You're right about laser weapons vs laser research. A real problem is that non-lethal AI is very lucrative.
I haven't read the book, so I'm not familiar with which scenarios in particular Bostrom talks about. But I believe I'm versed enough in the issues with AI alignment to carry on an intelligent conversation about it. When you say that none of the scenarios weren't plausible enough, could you give an example as to what you mean?
To give an example from my end, I'm really just imagining a scenario where we give the AGI some sort of goal, such as curing cancer. We've thought about the ways things could go wrong, and used reinforcement learning from human feedback to make an AI that seems to have learned not to do anything that could cause serious harm to a human in training. But it turns out that it actually learned to game our rewards, and just learned not to do anything to harm humans that could be traced back to it. Similarly, we tried to train it not to acquire more resources and only use what we give it, but it just learned to hide its activity. We know reward hacking is extremely common in AIs trained this way. GPT-4 is still willing to provide users with forbidden information -- it hasn't actually internalized the goal of "don't provide people with information that they could likely use to harm themselves or others", it's just some superficially similar goal that we don't really understand.

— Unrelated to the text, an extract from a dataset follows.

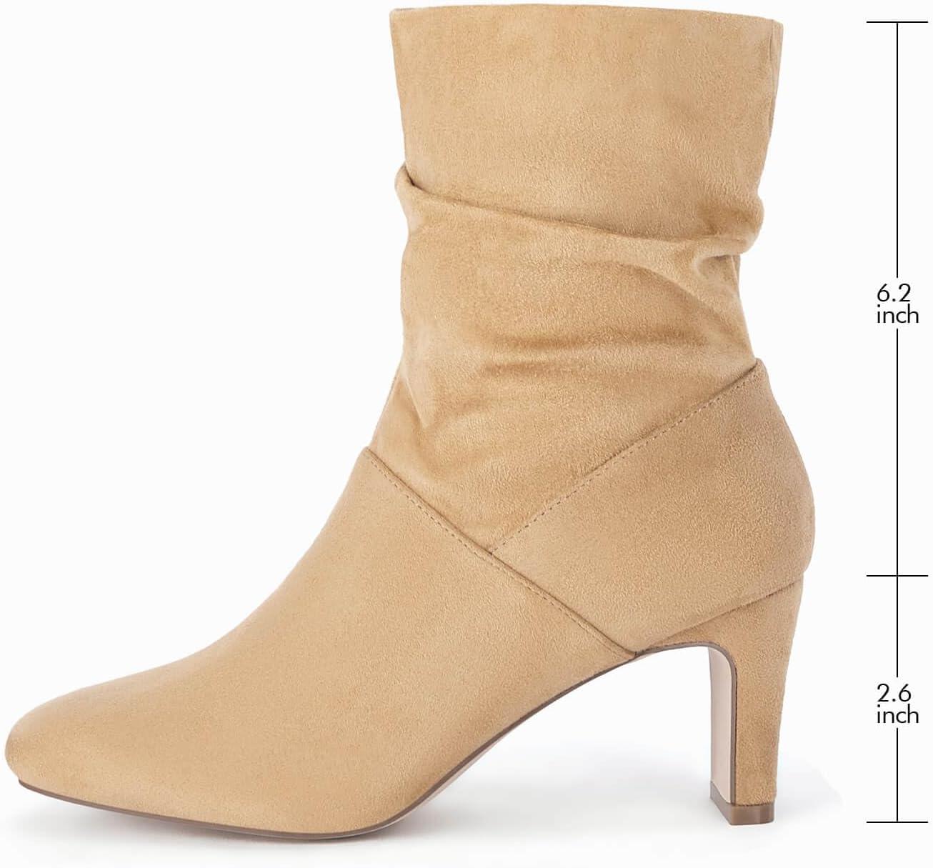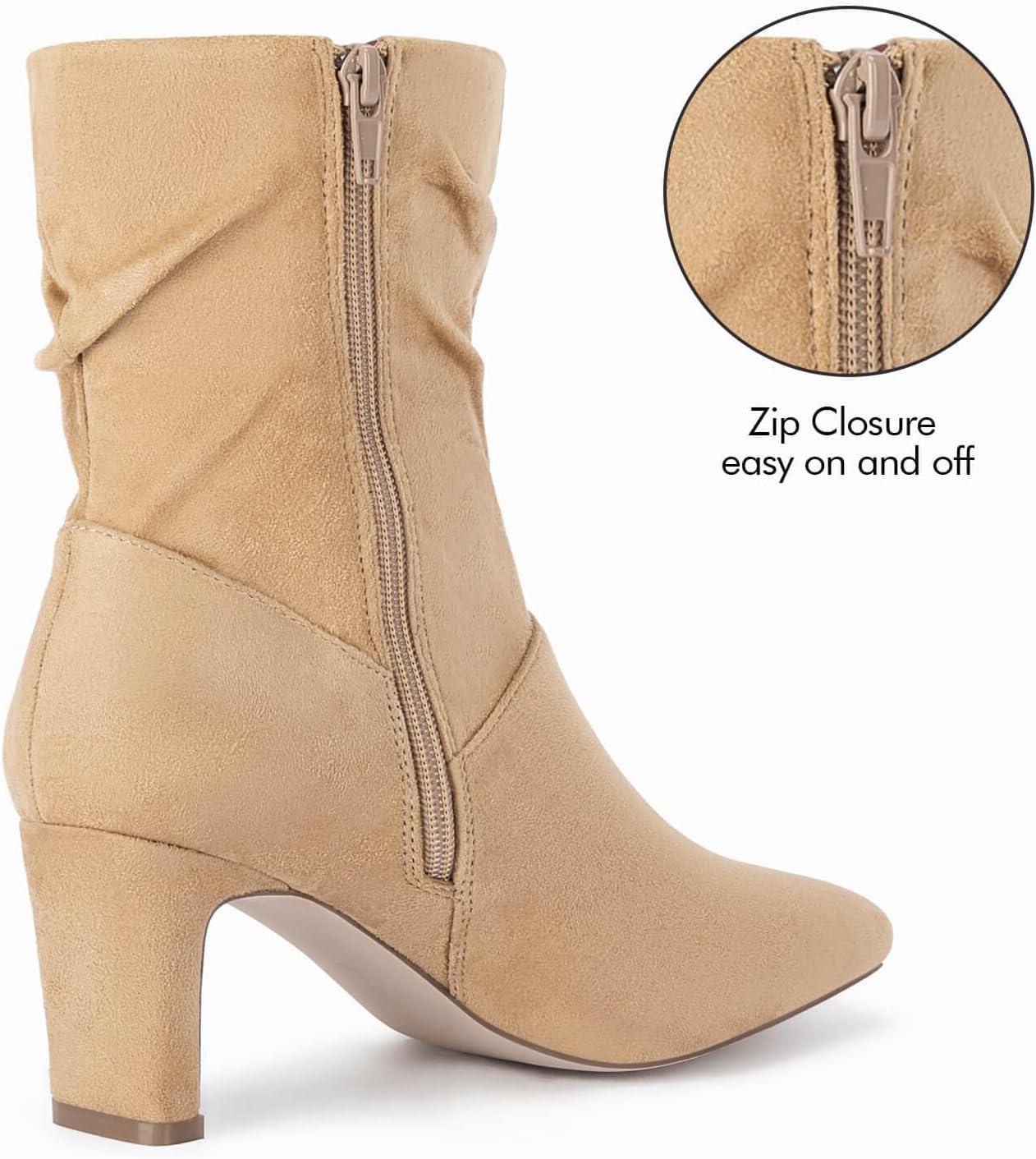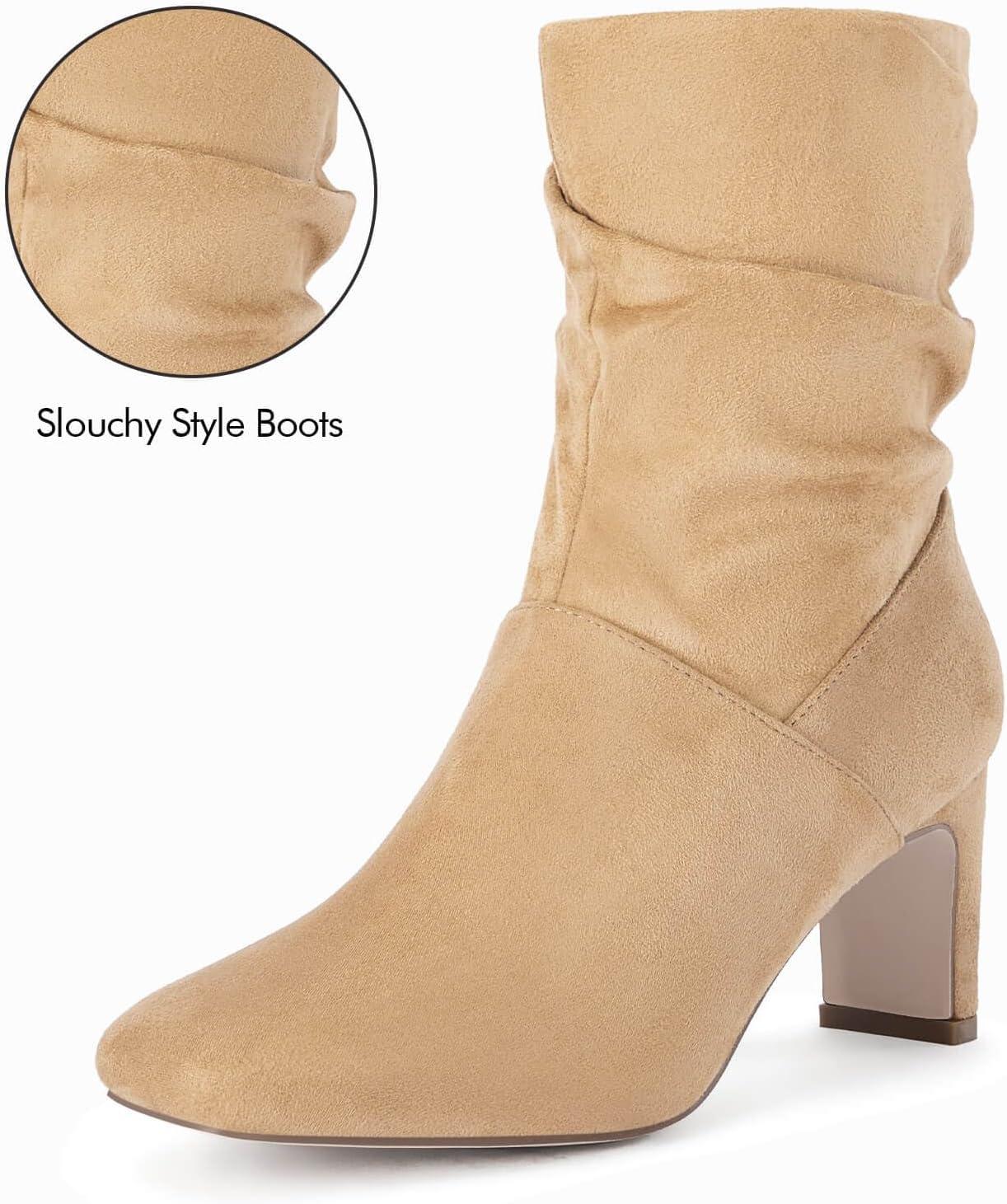 Coutgo Women’s Slouch Mid Calf Boots Chunky Heel Square Toe Zip Up Fall Fashion Booties Shoes(Khaki)

So anyway, the AI didn't actually learn to care about humanity, only about putting on that appearance, like a sociopath that learned to fake emotions to blend in. It has learned the ability to reason and plan, in order to design virtual experiments to calculate protein folding, etc. We provide it with a plain language description of the problem we want solved, specifying a ton of caveats like:
* Don't take actions that would result in the greater chance of death of people with cancer.
* Don't try to detect people with a high likelihood of cancer and kill people before they get it.
* Try to come up with a solution to this that most people would be happy with.
We can't specify things like "don't do anything that might result in someone dying" because in previous tests the AI would refuse to try to cure cancer, in case someone who was cured then went on to kill someone else.
No matter how much we specify, it turns out that a sufficiently intelligent, creative AI can come up with a maximal solution. Say, it secretly creates a drug that it distributes through the water supply that makes most people happy with just about anything, then builds a bunch of suspended animation chambers where it stores people who have cancer for ever -- they can be revived, so they're not actually dead. It needs to keep things running forever, so of course it has to take over things in order to build enough of these chambers for everyone who ever lived. Now, that's not really possible, if people keep breeding and reproducing, so it ends up just sticking everyone into these chambers, which they're fine with because of the happy-drug. The earth continues silently through space, with all of humanity protected in suspended animation by our over-zealous AI. Oh, and any life that we mentioned in restrictions is also in suspended animation, while every other bit of life has been exterminated as the AI tried to maximize its resources in order to keep this state of affairs in place forever.
It's a thing where no matter how many restrictions you try to stick on to the problem, a sufficiently smart AI can probably come up with a better solution in one of the loopholes than it can by just doing the boring, human thing of trying to figure out an effective cancer drug that works in 98% of cases. The AI tries to get to 100%, which necessitates a more drastic solution. If you tell it just to come up with a drug with a greater than 90% effectiveness rate, it STILL wants to take over the world in order to acquire enough computing power to guarantee that the effectiveness is no less than 90%. We don't know how to build "satisficers" that are happy with good enough, and even if we could, "satisficers" will tend to build maximizers.
That's exactly what humans (which are kinda satisficers, sometimes) are doing by building AI -- we're trying to find maximal solutions to our problems, except I'm worried that we're not quite smart enough so we're gonna screw it up real bad.
I think we have a chance of building an AI that's aligned close enough not to kill us, as long as it's not that much smarter than us. But the smarter it gets, the more that 2-degree of misalignment matters. And they're already terrifyingly smart.